• _Exercise goal_
Return the records word for word. Pictures do not belong in the copy.

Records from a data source
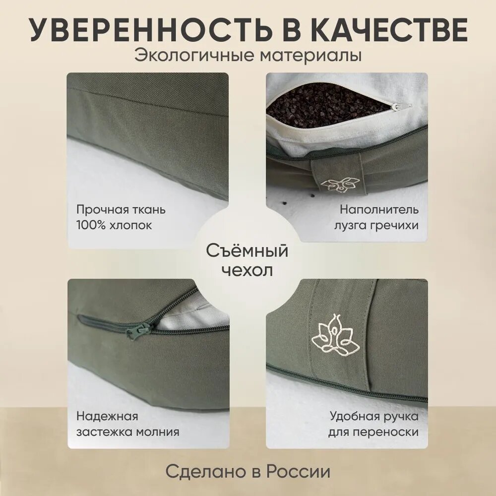 Подушка для йоги и медитации с гречневой лузгой Арт Йогаматик, хаки интересное:
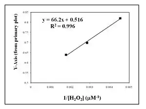 The y-intercept is determined at several different fixed concentrations of substrate B (and varying substrate A). The y-intercept values are then plotted versus 1/[B] to determine the Michaelis constant for substrate B, , as shown in the Figure to the right.[3] The slope is equal to divided by and the intercept is equal to 1 over .
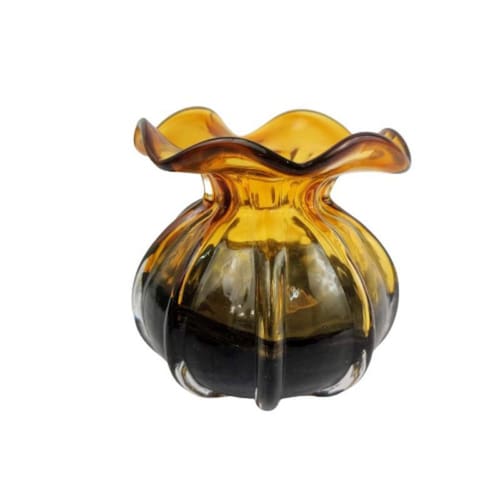 Vaso De Murano Trouxinha Ambar E Preto 12X11Cm Decoração
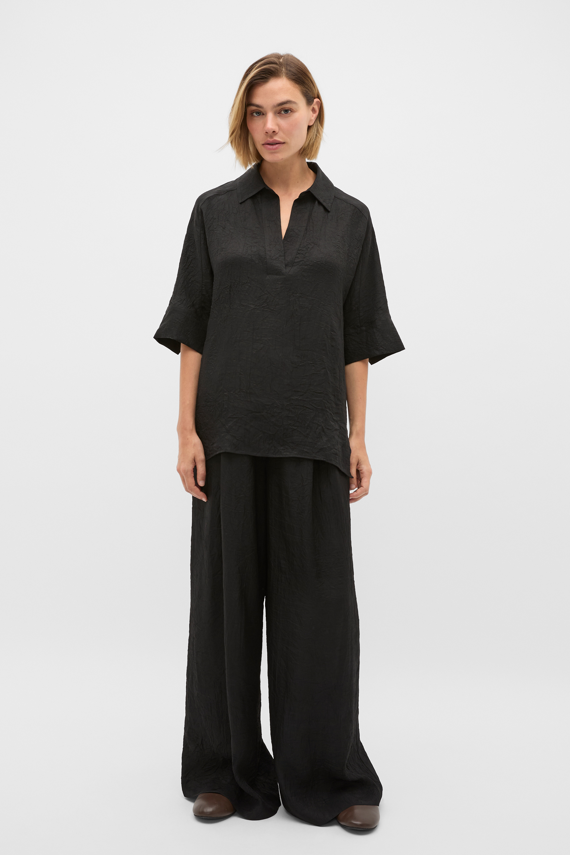 Textured Satin Collared Popover  Black  hi-res
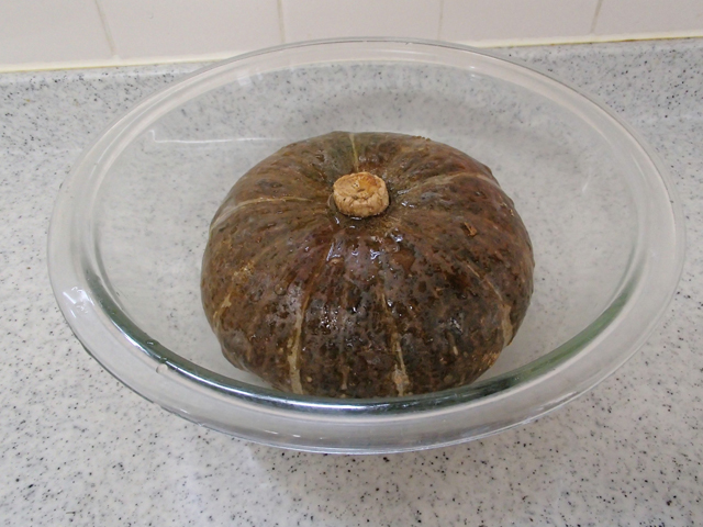 1.(坊ちゃん)かぼちゃは水で洗い、水にくぐらせ耐熱ボウルに入れる。ラップをしてレンジで8分加熱し、5分ほど蒸らす。
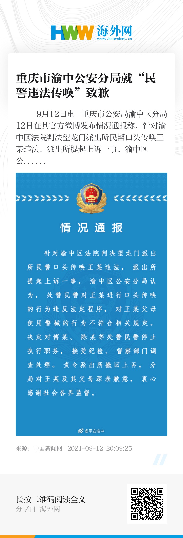 中新网9月12日电 重庆市公安局渝中区分局12日在其官方微博发布情况通报称,针对渝中区法院判决望龙门派出所民警口头传唤王某违法,派出所提起上诉一事,渝中区公安分局对王某及其父母深表歉意,责令派出所撤回上诉。
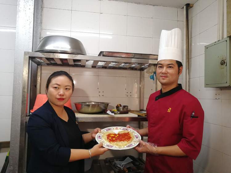 “这碗‘国庆面’真好吃,祝祖国70岁生日快乐!”家住延长小区的90岁爱国华侨吴瑞严说。这碗面做成了爱心形状,上面用番茄酱和鸡蛋饼做成了一面国旗的模样,是厨师特意为欢贺祖国70周年研发,因此被称为“国庆面”。
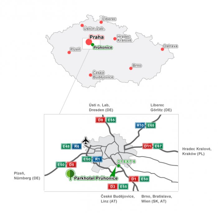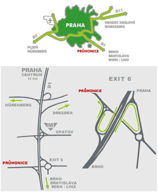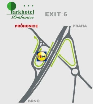 Dálnice D1 Praha - Brno - Vídeň, EXIT 6 Průhonice, směr Průhonice centrum (PARKHOTEL) nebo náměstí
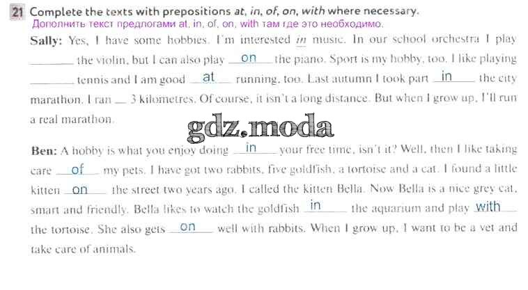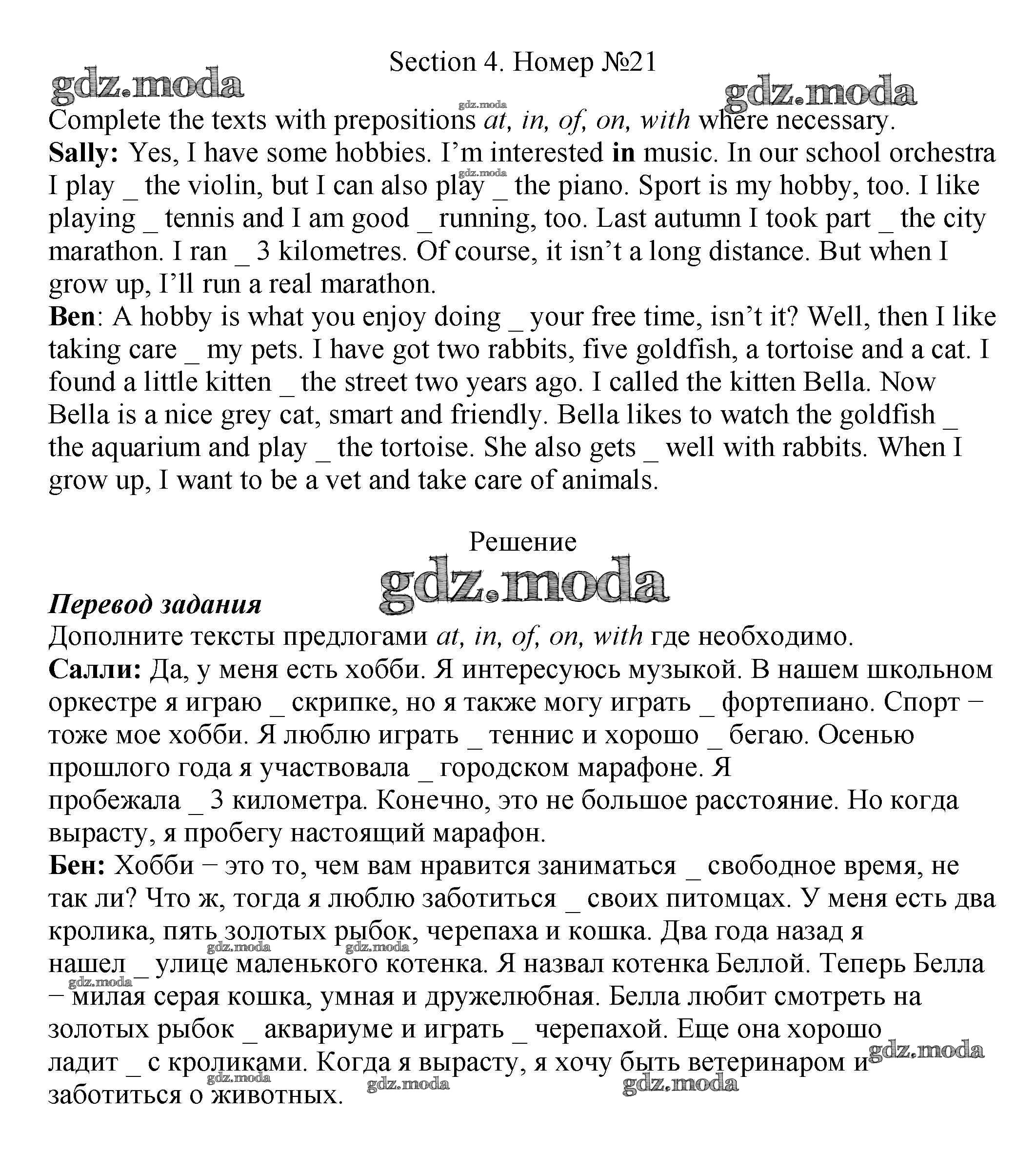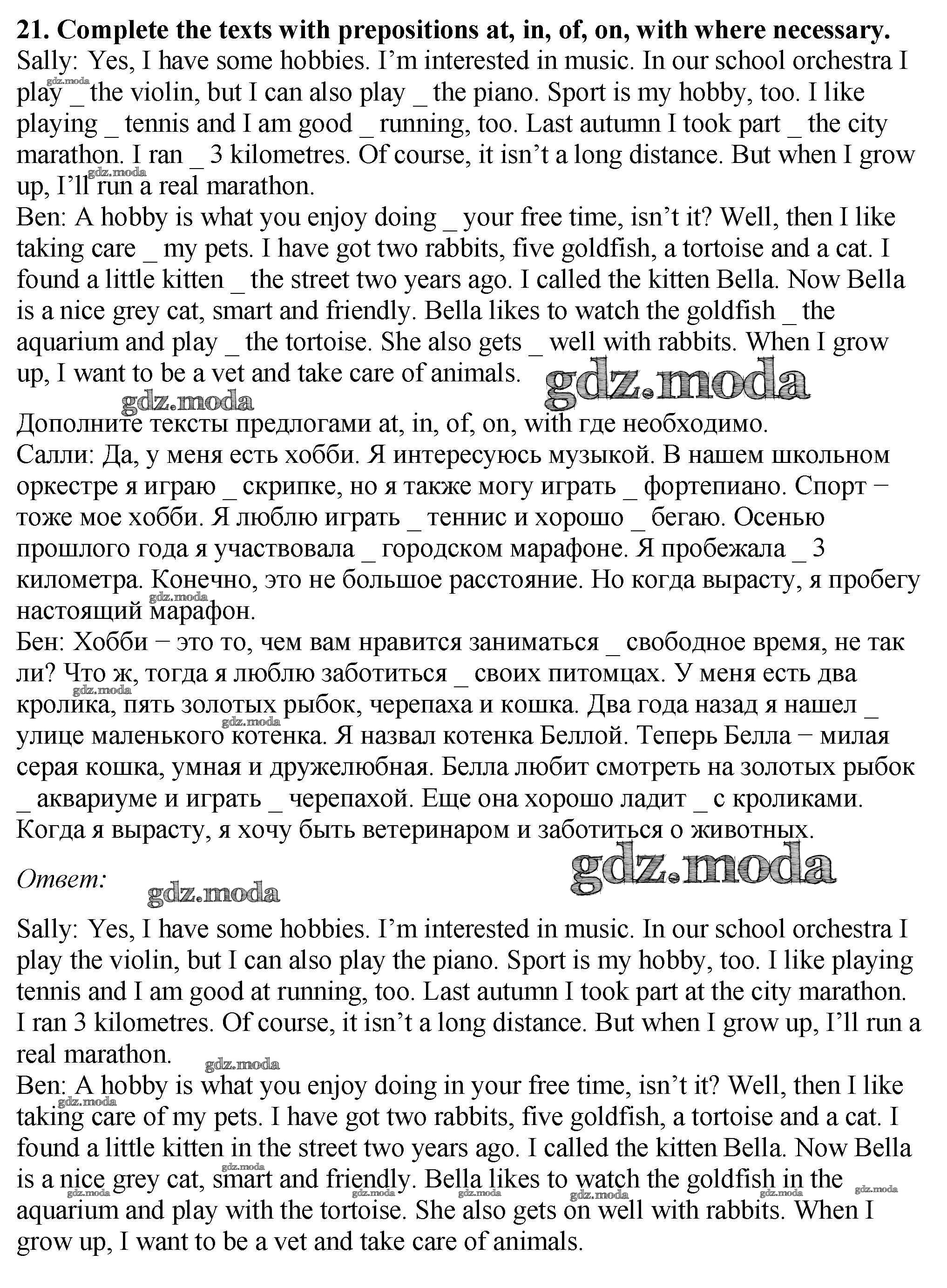 ОТВЕТ на задание № 21 Рабочая тетрадь по Английскому языку 5 класс Биболетова Enjoy English
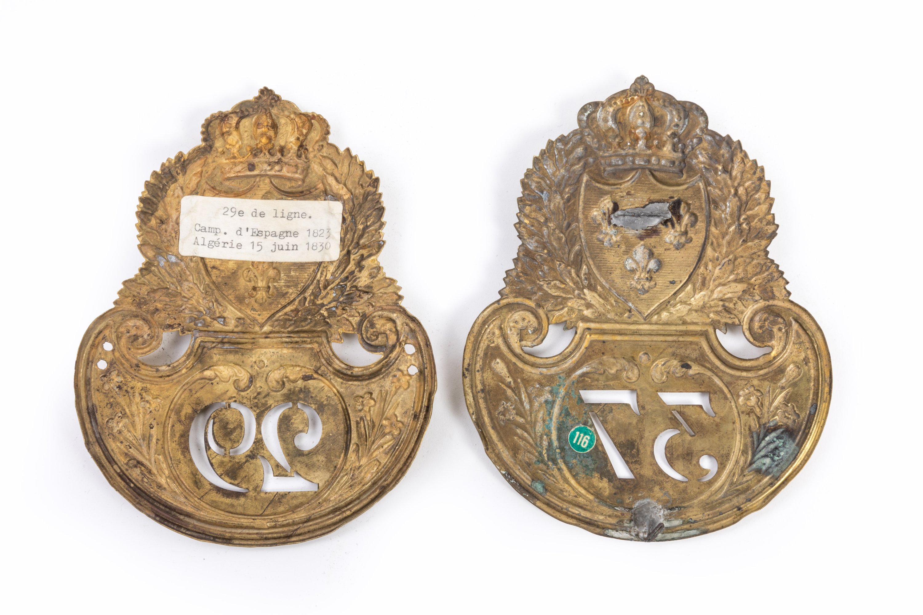 Deux plaques de shako aux armes de France :
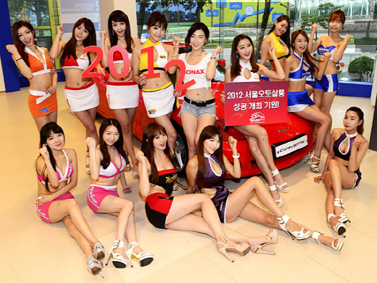 오는 12일 '2012 서울오토살롱'의 개막을 앞두고 5일 오전 서울 쉐보레 삼성점 전시장에서 행사 참여 레이싱 모델들이 서울오토살롱의 성공 개최를 기념하는 퍼포먼스를 진행하고 있다.

• _Solution to this problem_
 Подушка для йоги и медитации с гречневой лузгой Арт Йогаматик, хаки интересное:
 The y-intercept is determined at several different fixed concentrations of substrate B (and varying substrate A). The y-intercept values are then plotted versus 1/[B] to determine the Michaelis constant for substrate B, , as shown in the Figure to the right.[3] The slope is equal to divided by and the intercept is equal to 1 over .
 Vaso De Murano Trouxinha Ambar E Preto 12X11Cm Decoração
 Textured Satin Collared Popover  Black  hi-res
 1.(坊ちゃん)かぼちゃは水で洗い、水にくぐらせ耐熱ボウルに入れる。ラップをしてレンジで8分加熱し、5分ほど蒸らす。
 中新网9月12日电 重庆市公安局渝中区分局12日在其官方微博发布情况通报称,针对渝中区法院判决望龙门派出所民警口头传唤王某违法,派出所提起上诉一事,渝中区公安分局对王某及其父母深表歉意,责令派出所撤回上诉。
 “这碗‘国庆面’真好吃,祝祖国70岁生日快乐!”家住延长小区的90岁爱国华侨吴瑞严说。这碗面做成了爱心形状,上面用番茄酱和鸡蛋饼做成了一面国旗的模样,是厨师特意为欢贺祖国70周年研发,因此被称为“国庆面”。
 Dálnice D1 Praha - Brno - Vídeň, EXIT 6 Průhonice, směr Průhonice centrum (PARKHOTEL) nebo náměstí
 ОТВЕТ на задание № 21 Рабочая тетрадь по Английскому языку 5 класс Биболетова Enjoy English
 Deux plaques de shako aux armes de France :
 오는 12일 '2012 서울오토살롱'의 개막을 앞두고 5일 오전 서울 쉐보레 삼성점 전시장에서 행사 참여 레이싱 모델들이 서울오토살롱의 성공 개최를 기념하는 퍼포먼스를 진행하고 있다.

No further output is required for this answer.